By Elio Qoshi

Firefox OS post-mortem – Interview with Andre Garzia

By Elio Qoshi

Open Source Week

It’s Open Source Week at SitePoint! All week we’re publishing articles focused on everything Open Source, Free Software and Community, so keep checking the OSW tag for the latest updates.

I am happy to be joined today by Andre Garzia, a Mozilla Tech Speaker, Firefox OS book author and contributor at Mozilla for the past few years. At SitePoint we tend to cover cutting edge topics and keep developers in the loop about the latest happenings around the web. This time however, we will have a look back and talk about Firefox OS, which as you might have heard, was discontinued earlier this year. We will learn about the things it stood for, what impact it had on the web, and what lessons we can learn from it.

Andre Garzia

Elio: It’s great having you here Andre! Also thanks for taking the time to cover a few things about Firefox OS, which might be a rather difficult topic, as we have all been so passionate about it.

Andre: It’s my pleasure. After all this time we can have a look at Firefox OS in a less biased way, I believe.

Elio: I suppose. It would be great if you could tell me more about yourself at Mozilla and how did you get involved with Firefox OS in the first place?

Andre: I was participating in a hackathon, on a brazilian campus party. They had these huge hackathons there lasting for many days. People basically camp there with activities 24/7. I went to that event alone, I didn’t have a crew to hang out with and a couple of days before that event, I went to a Firefox OS app day, where they explained the system and the API-s.

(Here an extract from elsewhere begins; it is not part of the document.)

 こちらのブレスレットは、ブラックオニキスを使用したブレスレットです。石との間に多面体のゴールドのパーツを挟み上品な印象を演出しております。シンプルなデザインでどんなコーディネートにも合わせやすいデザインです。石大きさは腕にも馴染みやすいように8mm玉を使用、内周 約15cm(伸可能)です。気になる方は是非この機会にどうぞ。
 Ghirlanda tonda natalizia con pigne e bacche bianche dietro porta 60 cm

When I arrived at the campus party with no one to hang out with, I saw the Mozilla people there. I was not a Mozilla volunteer back then so I decided to join. The thing is that I had a somewhat unfair advantage: I was in the app day a couple days before the event, so I already knew the API’s and everything. People were making so many mistakes around me. I started helping people instead of focusing on my own entry. A couple of hours later I totally forgot about my entry and I was helping out everyone with the API and how to do stuff in JavaScript. Suddenly one of the volunteers slapped me a VIP bracelet on my hand and said: Welcome to Mozilla! With that I could at least get coffee and snacks from the VIP room. That’s how I became a volunteer with Mozilla and Firefox OS.

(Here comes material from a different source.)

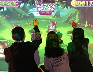 通过大屏幕上的互动游戏,促进训练者利用上肢投球砸击墙面,反复操作完成游戏任务。通过这种互动活动,让老人的肩关节、肘关节、腕关节、手指关节得到训练。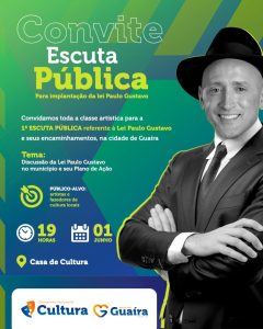 A Prefeitura de Guaíra, através do Departamento Municipal de Cultura, promove a 1ª Escuta Pública sobre a Lei Paulo Gustavo (Lei Complementar 195/2022) nesta quinta-feira, 1º de junho de 2023, às 19h, na Casa de Cultura “Professor João Augusto de Melo”, juntamente com o Conselho Municipal de Cultura.

Developing for Firefox OS Quick Guide by Andre Garzia

Elio: Crazy story! Later you also wrote a book about Firefox OS, how did that happen?

Andre: Actually, in the end I wrote 2 books, in Portuguese and English, so it was almost like 4 books. The 1st book happened because many Brazilian developers don’t speak English and Mozilla didn’t have material in Portuguese. Mozilla documentation is spread everywhere, like GitHub, Wiki etc. There is no single center of knowledge that people could say, okay, this is what I need to develop. The closest thing we had was a page in English.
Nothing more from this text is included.